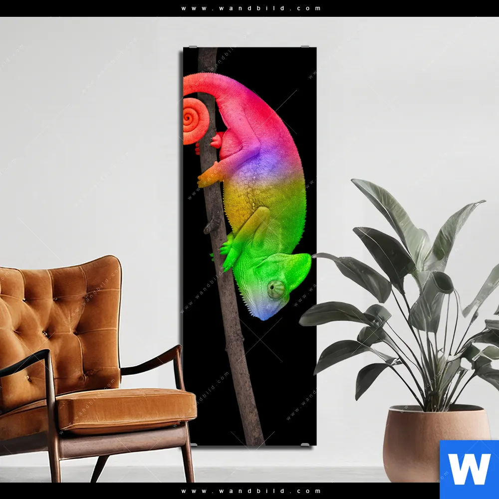Alu-Dibond Bild | Regenbogen Chamäleon | Schmal
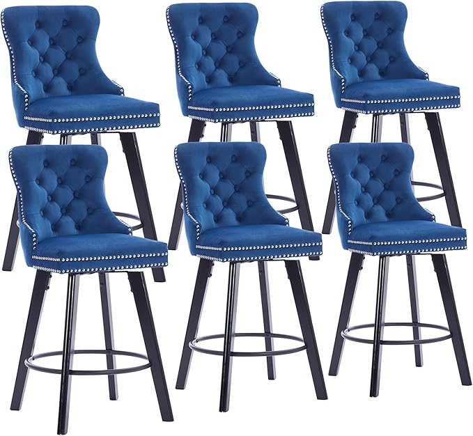 YISHENG Modern Swivel 27" H Seat Set of 6 Velvet Barstools with Backrest and Footrest,Button Tufted Rivet Trim Dining Room Chairs with Metal Pull Ring for Kitchen Island,Bistro, Home Bar,Blue
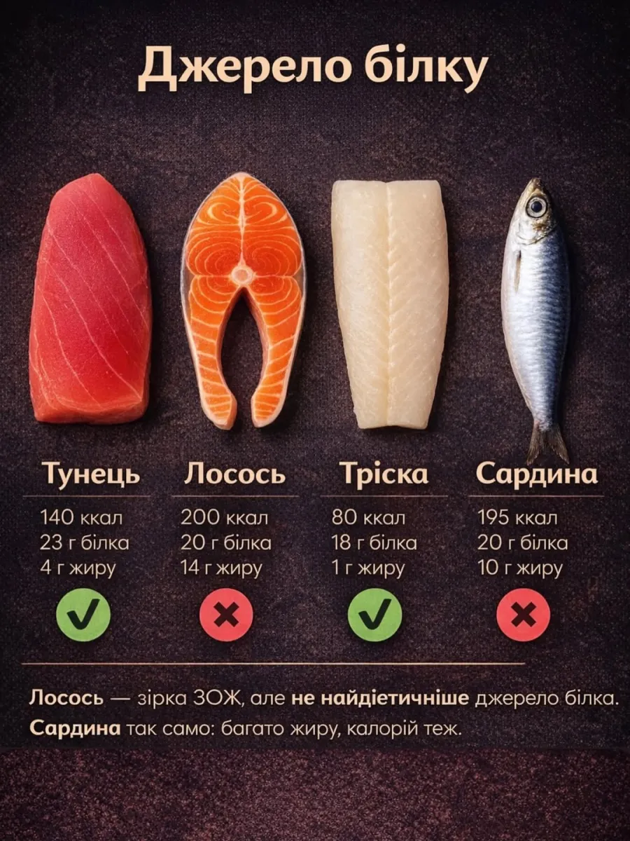Риба теж може бути різною: тунець і тріска – легкі та білкові, тоді як лосось чи сардина містять більше жиру, тому їх варто розглядати як джерело корисних жирів, а не як «чистий білок».

- - -

Please give all of the data again, exact and free of pictures.

#### [Problem solution]
Alu-Dibond Bild | Regenbogen Chamäleon | Schmal
 YISHENG Modern Swivel 27" H Seat Set of 6 Velvet Barstools with Backrest and Footrest,Button Tufted Rivet Trim Dining Room Chairs with Metal Pull Ring for Kitchen Island,Bistro, Home Bar,Blue
Риба теж може бути різною: тунець і тріска – легкі та білкові, тоді як лосось чи сардина містять більше жиру, тому їх варто розглядати як джерело корисних жирів, а не як «чистий білок».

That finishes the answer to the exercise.